Keywords

1 Introduction

Generally, stroke rehabilitation involving with motor skill recovery is a repetitive task during a period of time. This kind of repetitive task also requires the physiotherapist to assist the stroke patient. The utilization of robot arm would be fit to do repetitive task and reduces the workloads of physiotherapist or trainer. Recently, many robots have been used in rehabilitation and training tasks. In general, robot for the rehabilitation task can be categorized into two styles which are wearable and non-wearable. Joints and links of the wearable robot are usually designed correspondingly to the patient’s upper limb. For the examples, the design of “CADEN” [1] applies the cable-pulley to transmit torque/force from motor to each joint. This design can reduce weight of the exoskeleton. ARMinIII [2] is designed to have 3 degrees of freedom for shoulder and 1 degree of freedom for elbow. Robotic Upper Extremity Repetitive Trainer (RUPERT) [3] has five actuated degrees of freedom for each joint which is driven by compliant pneumatic muscle actuators (PMA). The Mechatronics and Haptic Interfaces (MAHI) [4] is designed to have 5 degrees of freedom for the elbow and forearm. The wrist of this exoskeleton is a 3-RPS (revolute-prismatic-spherical) joint. The non-wearable rehabilitation robots are usually adapted from the industrial robots. Nevertheless, this type of the rehabilitation robots has only one point of physical contact between patient wrist and the robot’s end-effector. Some researchers developed non-wearable rehabilitation robots such as the MIT-MANUS [5] and MIME [6] devices. Both robots are designed for rehabilitation of shoulder and elbow joints. Benefits of wearable robotic rehabilitation are controlling and generating of force feedback to each user arm’s joint. Those rehabilitation robots are usually designed for right or left arm only. On the other hand, the advantage of non-wearable robot is flexibility for rehabilitation but it cannot control or generate force feedback to all joints at the same time.

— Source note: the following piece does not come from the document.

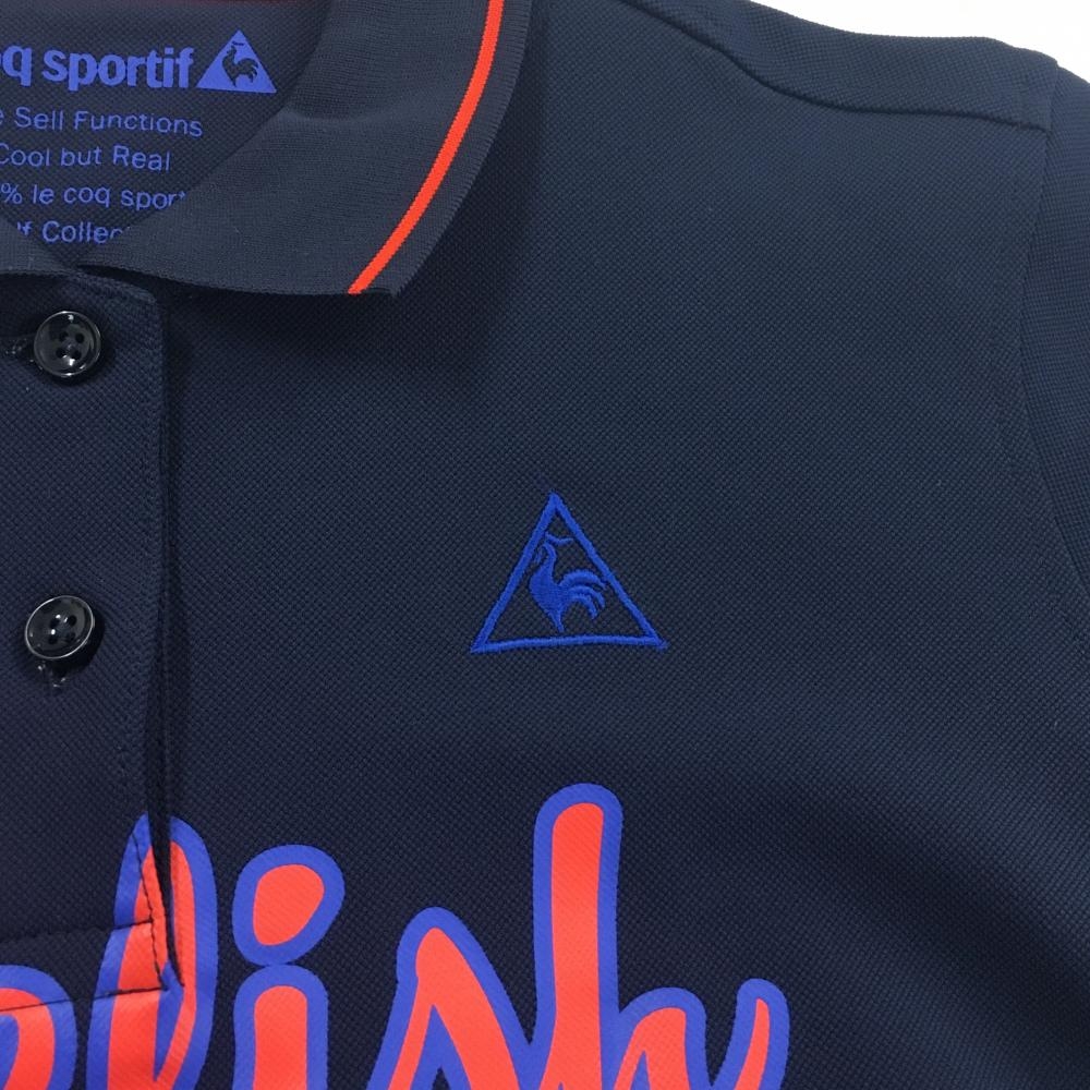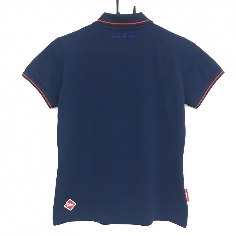 【美品】ルコックゴルフ 半袖ポロシャツ ネイビー×レッド フロント英字 ロゴ刺しゅう レディース M ゴルフウェア le coq sportif

Hence, this project proposes the development of a wearable robotic arm for rehabilitation and training. The robot should be able to hold and guide the user’s arm through the predefined trajectory. Further, the user can wear this exoskeleton arm and move it to interact with the virtual object in the graphics user interface which presented on a computer monitor or head-mounted display. This proposed robot arm will support the patient’s arm during rehabilitation which is repetitive task and takes a period of time.

2 System Overview

Configuration of the proposed system is shown in Fig. 1. This system consists of a universal exoskeleton arm used to send the force feedback and motion during rehabilitation and training. User will receive perceived visual and force feedbacks. The user also sees three-dimensional graphics when the user works with the robot arm. Controller is responsible for receiving commands from the main computer and controlling the robot arm’s movement. Main computer takes care of processing robot commands sent to the controller and generating 3-D computer graphics accordingly with robot’s movements.

Fig. 1.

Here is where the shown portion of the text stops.